## EXERCISE OBJECTIVE
Among the lines below, the one containing "Beans of El Barco de Ávila, Spain, Ávila." opens the range and the one containing "My trip to Gettysburg" closes it. Print that range exactly, without the pictures.

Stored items
☆ ☆ ☆ ☆ ☆

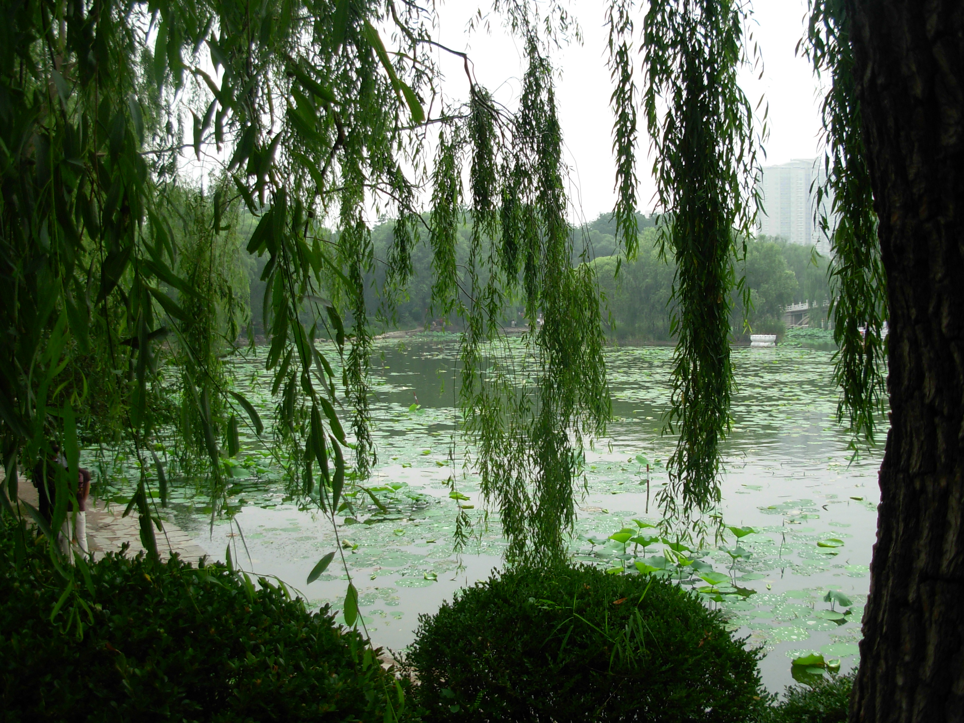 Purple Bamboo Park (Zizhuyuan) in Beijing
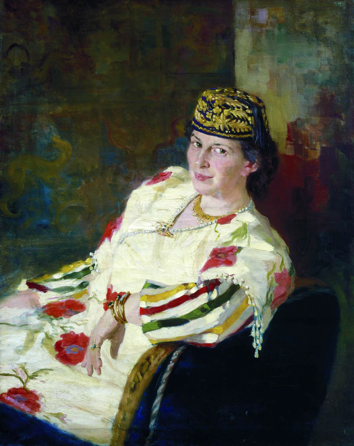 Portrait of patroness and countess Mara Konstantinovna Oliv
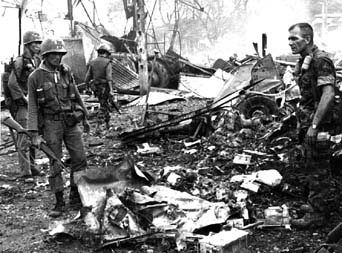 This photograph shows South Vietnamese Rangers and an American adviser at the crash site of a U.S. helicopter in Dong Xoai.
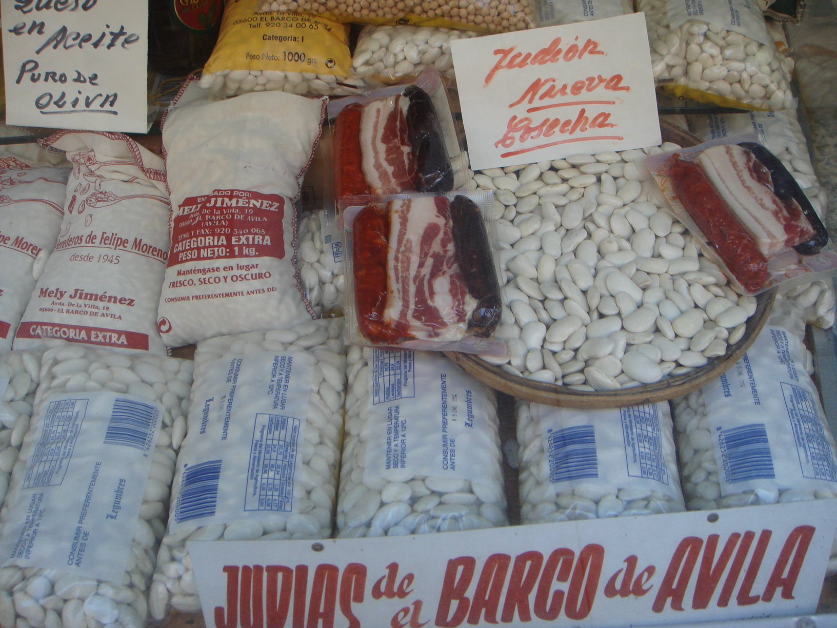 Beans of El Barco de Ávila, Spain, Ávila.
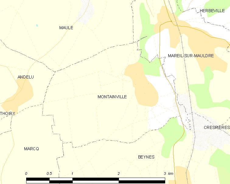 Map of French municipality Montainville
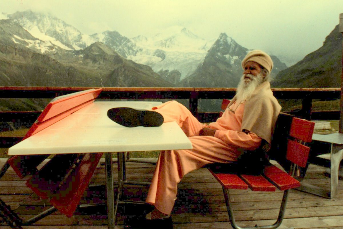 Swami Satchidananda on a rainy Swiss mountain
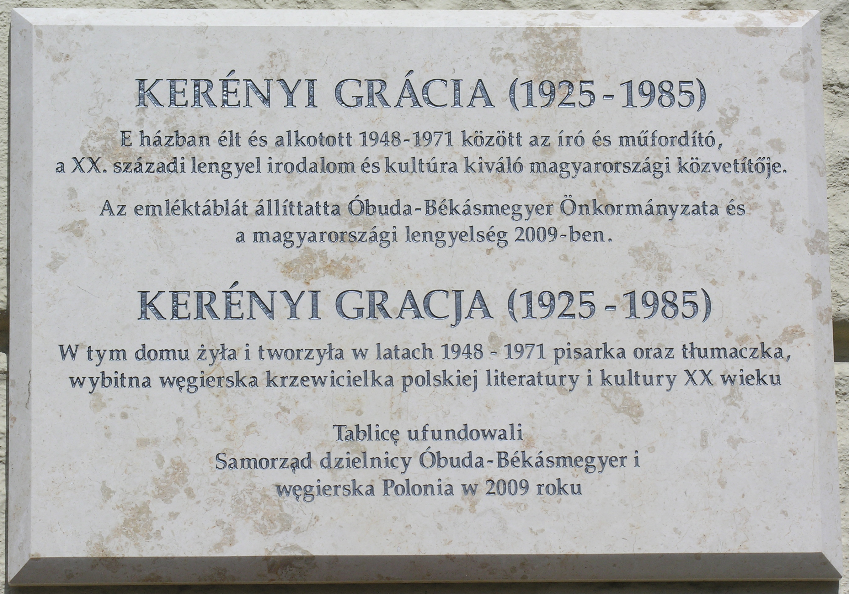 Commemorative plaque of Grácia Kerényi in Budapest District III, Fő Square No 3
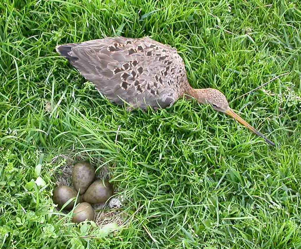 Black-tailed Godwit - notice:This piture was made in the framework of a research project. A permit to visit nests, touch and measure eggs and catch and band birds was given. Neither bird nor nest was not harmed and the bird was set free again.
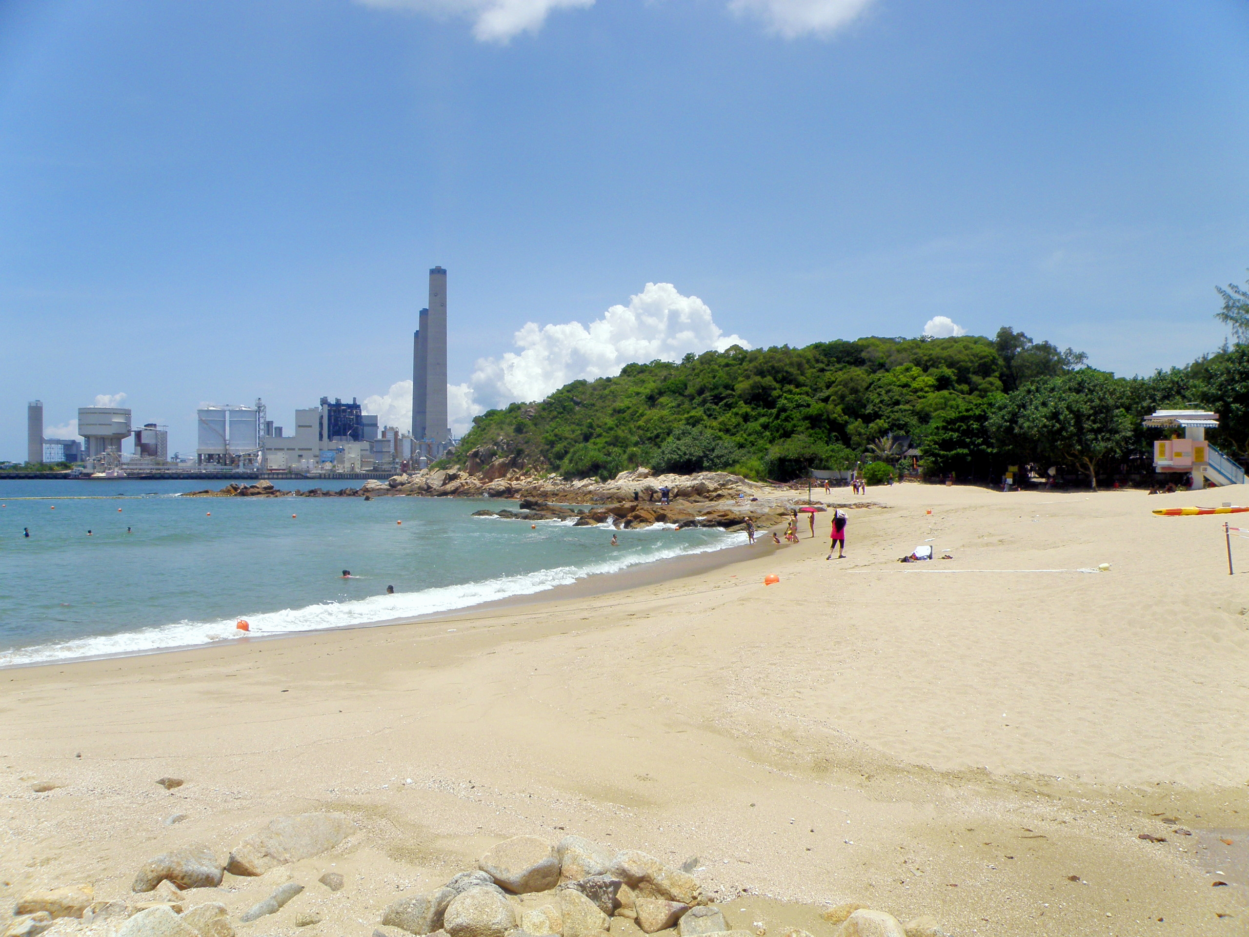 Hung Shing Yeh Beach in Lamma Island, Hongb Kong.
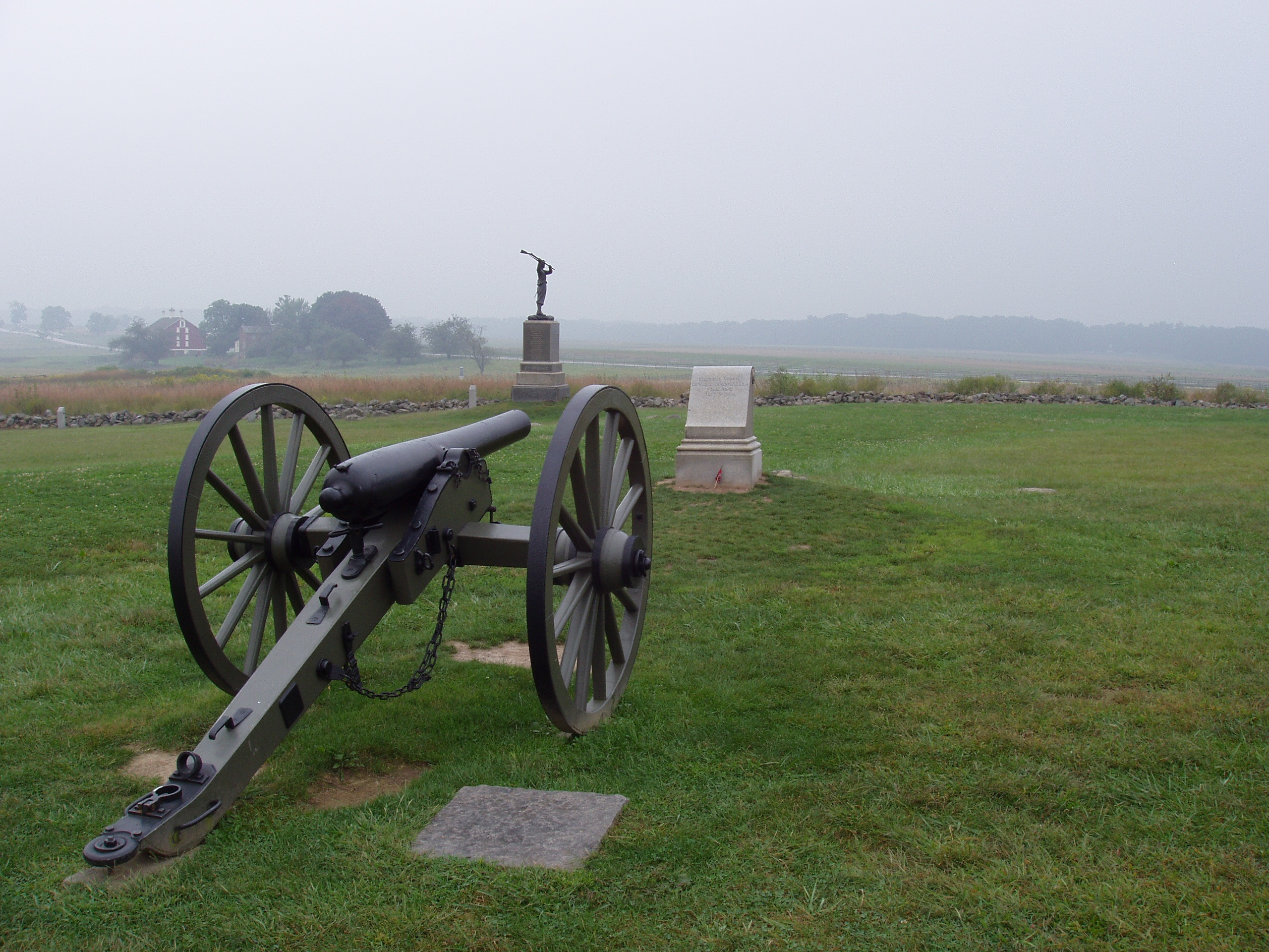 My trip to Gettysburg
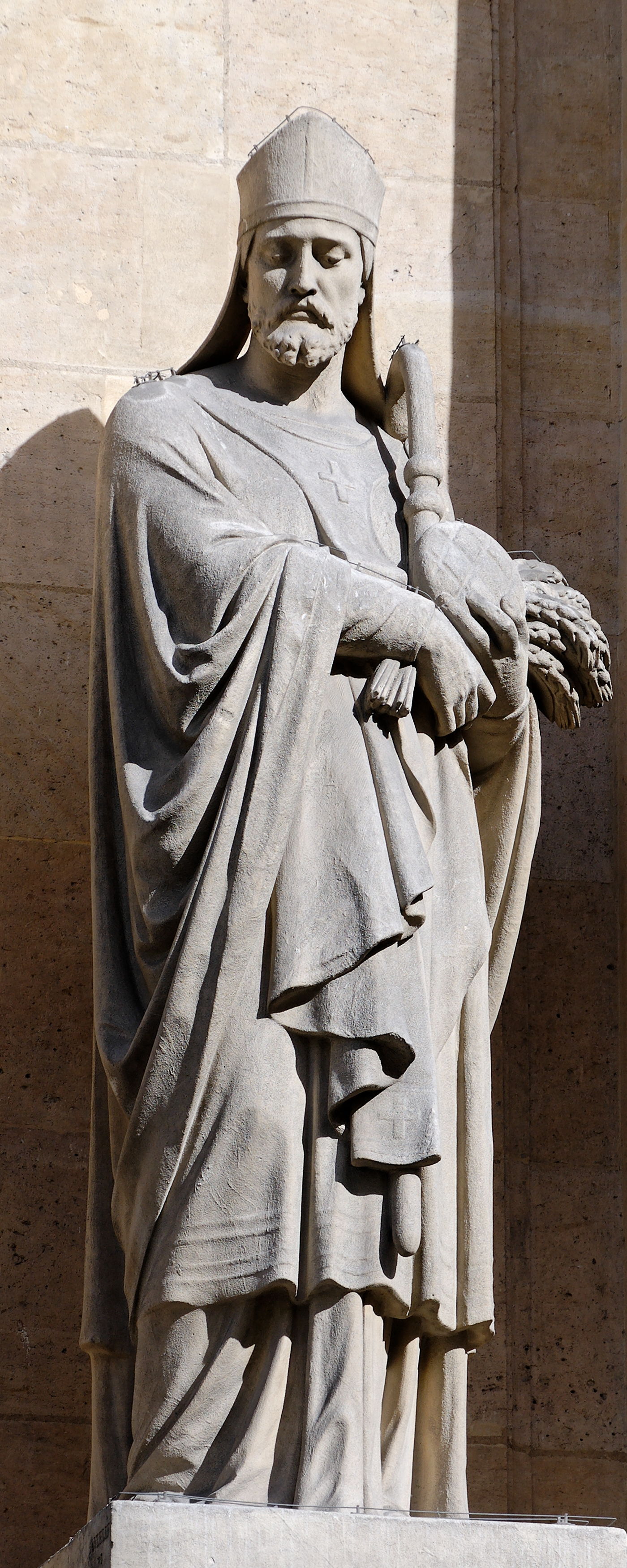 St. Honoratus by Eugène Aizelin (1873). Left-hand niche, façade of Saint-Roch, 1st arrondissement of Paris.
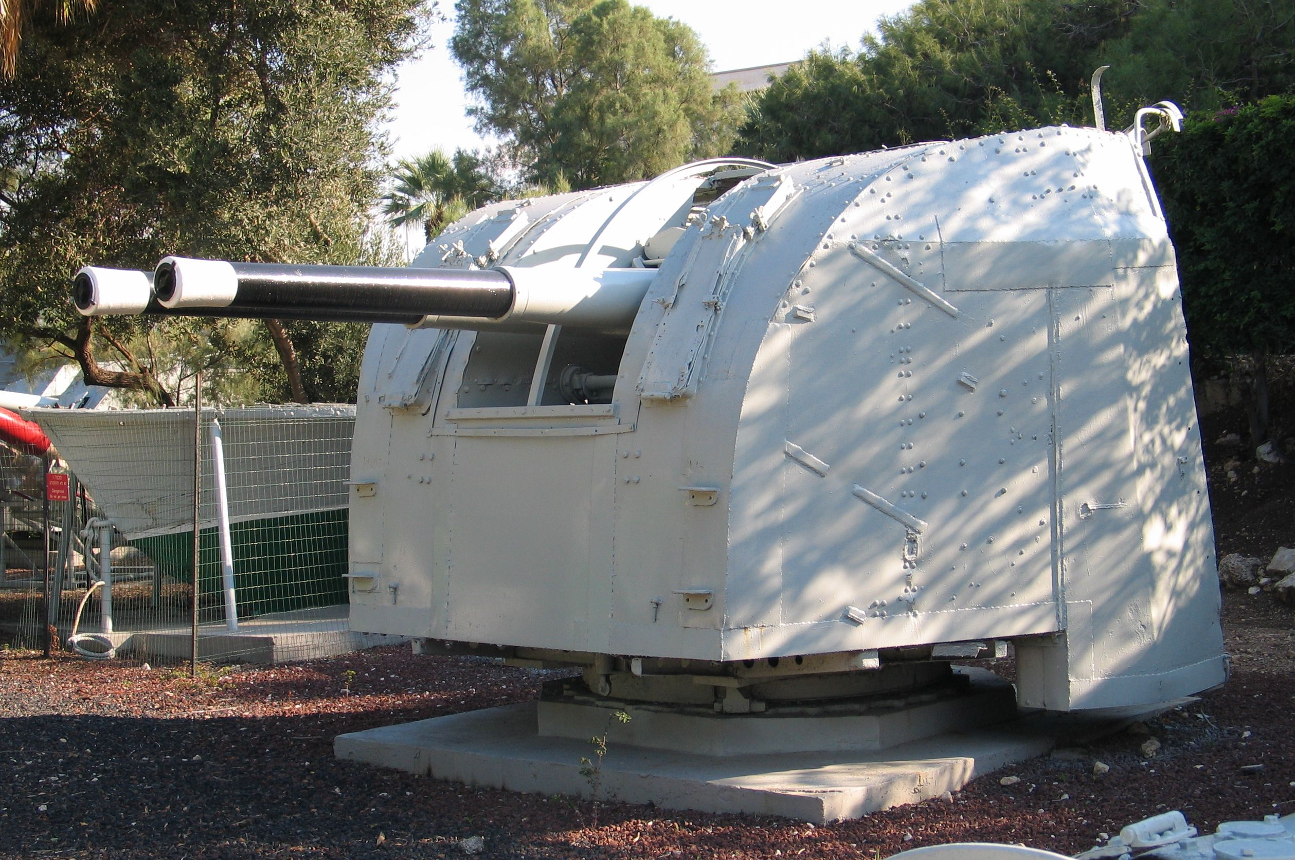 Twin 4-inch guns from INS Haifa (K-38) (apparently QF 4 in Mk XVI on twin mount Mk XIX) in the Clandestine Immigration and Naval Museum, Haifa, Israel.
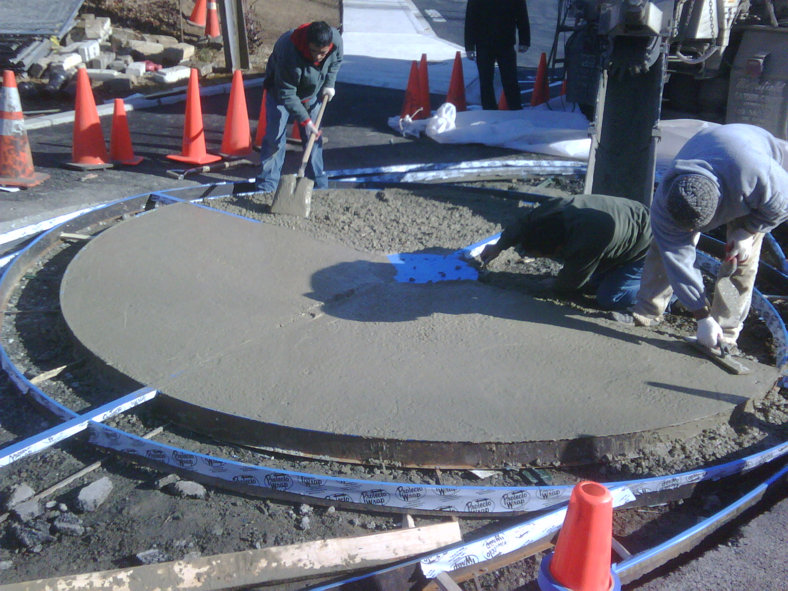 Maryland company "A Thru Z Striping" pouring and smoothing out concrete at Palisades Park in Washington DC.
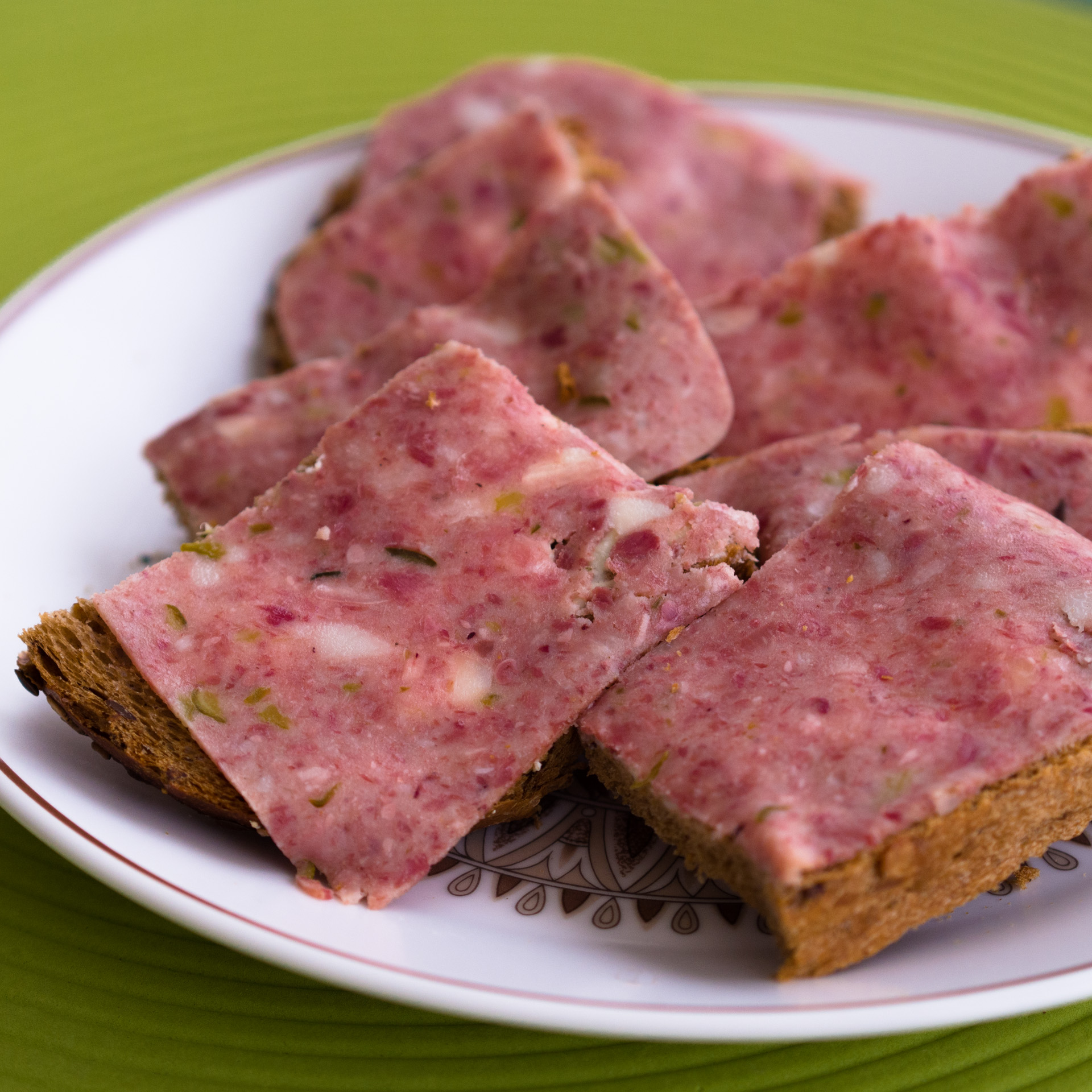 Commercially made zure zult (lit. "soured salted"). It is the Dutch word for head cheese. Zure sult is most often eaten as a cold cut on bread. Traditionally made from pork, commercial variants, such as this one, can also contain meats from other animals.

☆ ☆ ☆ ☆ ☆

## WRITTEN ANSWER
 Beans of El Barco de Ávila, Spain, Ávila.
 Map of French municipality Montainville
 Swami Satchidananda on a rainy Swiss mountain
 Commemorative plaque of Grácia Kerényi in Budapest District III, Fő Square No 3
 Black-tailed Godwit - notice:This piture was made in the framework of a research project. A permit to visit nests, touch and measure eggs and catch and band birds was given. Neither bird nor nest was not harmed and the bird was set free again.
 Hung Shing Yeh Beach in Lamma Island, Hongb Kong.
 My trip to Gettysburg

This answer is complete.